Cytotoxic agents, including platinum drugs, have been shown to activate ERK1/2 [10], although the significance of such an activation has been debated. In most cases, ERK1/2 activation has been documented to provide tumour cells with a survival advantage, even if there are circumstances where it appears to favour cell death induction [11]. ERK1/2 may play a pro-survival role in ovarian carcinoma, as increased activation can occur in platinum-resistant cells [12], [13]. In fact, cells selected for resistance to platinum drugs, endowed with increased phospho-ERK1/2 and Akt levels, displayed reduced sensitivity to the epidermal growth factor receptor (EGFR) inhibitor gefitinib; of note, sensitivity to gefitinib was restored upon MEK1/2 inhibition [12]. Moreover, EGFR inhibition was reported to counteract cisplatin-induced activation of survival kinases in ovarian carcinoma cell lines [14], [15].
Among the mechanisms of ERK1/2-mediated drug resistance, blockade of apoptosis induction has been well documented.

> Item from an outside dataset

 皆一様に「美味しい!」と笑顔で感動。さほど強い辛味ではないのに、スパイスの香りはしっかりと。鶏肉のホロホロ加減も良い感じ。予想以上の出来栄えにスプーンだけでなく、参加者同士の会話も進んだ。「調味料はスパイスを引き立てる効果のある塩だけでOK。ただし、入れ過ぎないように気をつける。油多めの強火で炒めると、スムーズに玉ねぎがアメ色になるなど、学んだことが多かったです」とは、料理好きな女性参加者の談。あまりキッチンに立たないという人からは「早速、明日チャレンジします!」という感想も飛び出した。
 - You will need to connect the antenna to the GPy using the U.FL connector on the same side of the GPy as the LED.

ERK1/2 have been reported to inactivate proteins implicated in apoptosis, such as pro-apoptotic BH3-only proteins (BOP) and FOXO transcriptional factors. FOXO1 and FOXO3 can activate the expression of cell cycle progression inhibitors and pro-apoptotic proteins [16]. Interestingly, FOXO protein activity is inhibited by phosphorylation mediated by survival kinases including ERK1/2 [17]. Phosphorylations of specific residues (i.e., Thr24 and Ser256 for FOXO1), mediated by Akt, can inactivate FOXO proteins by shuttling them outside the nucleus [18]. Among the BOP, BAD activity is tightly controlled by phosphorylation mediated by survival kinases including ERK1/2, through the subsequent activation of cytoplasmic RSK [19]. Moreover, PUMA, a BOP whose expression is induced by p53, can be controlled by survival kinases, as FOXO3 has been reported to up-regulate PUMA expression in response to growth factor withdrawal [20], [21].

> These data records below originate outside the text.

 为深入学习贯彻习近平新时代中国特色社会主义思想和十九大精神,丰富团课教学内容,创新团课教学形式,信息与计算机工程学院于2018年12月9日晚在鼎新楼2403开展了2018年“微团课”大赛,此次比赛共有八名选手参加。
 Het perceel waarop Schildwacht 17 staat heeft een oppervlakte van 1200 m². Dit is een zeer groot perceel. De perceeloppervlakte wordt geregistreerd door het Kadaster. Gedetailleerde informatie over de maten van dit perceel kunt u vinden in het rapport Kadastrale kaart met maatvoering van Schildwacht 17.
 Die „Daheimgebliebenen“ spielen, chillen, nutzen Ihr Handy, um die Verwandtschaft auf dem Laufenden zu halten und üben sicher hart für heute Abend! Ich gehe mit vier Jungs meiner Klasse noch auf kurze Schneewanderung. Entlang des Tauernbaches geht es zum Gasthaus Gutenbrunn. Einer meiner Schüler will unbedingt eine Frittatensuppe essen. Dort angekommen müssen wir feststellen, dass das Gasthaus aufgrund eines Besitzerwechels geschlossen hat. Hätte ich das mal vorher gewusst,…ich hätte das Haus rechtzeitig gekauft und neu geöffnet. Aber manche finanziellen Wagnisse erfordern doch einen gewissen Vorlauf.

Based on this background, in the present study we used an experimental system reflecting alterations commonly found in the clinical setting (i.e., p53 alteration, ERK1/2 activation) consisting of a p53 wild-type cisplatin-sensitive ovarian carcinoma cell line, and p53-mutant platinum-resistant variants displaying activation of ERK1/2, to investigate the molecular mechanisms underlying the effect of the combination of platinum compounds and MEK inhibitors.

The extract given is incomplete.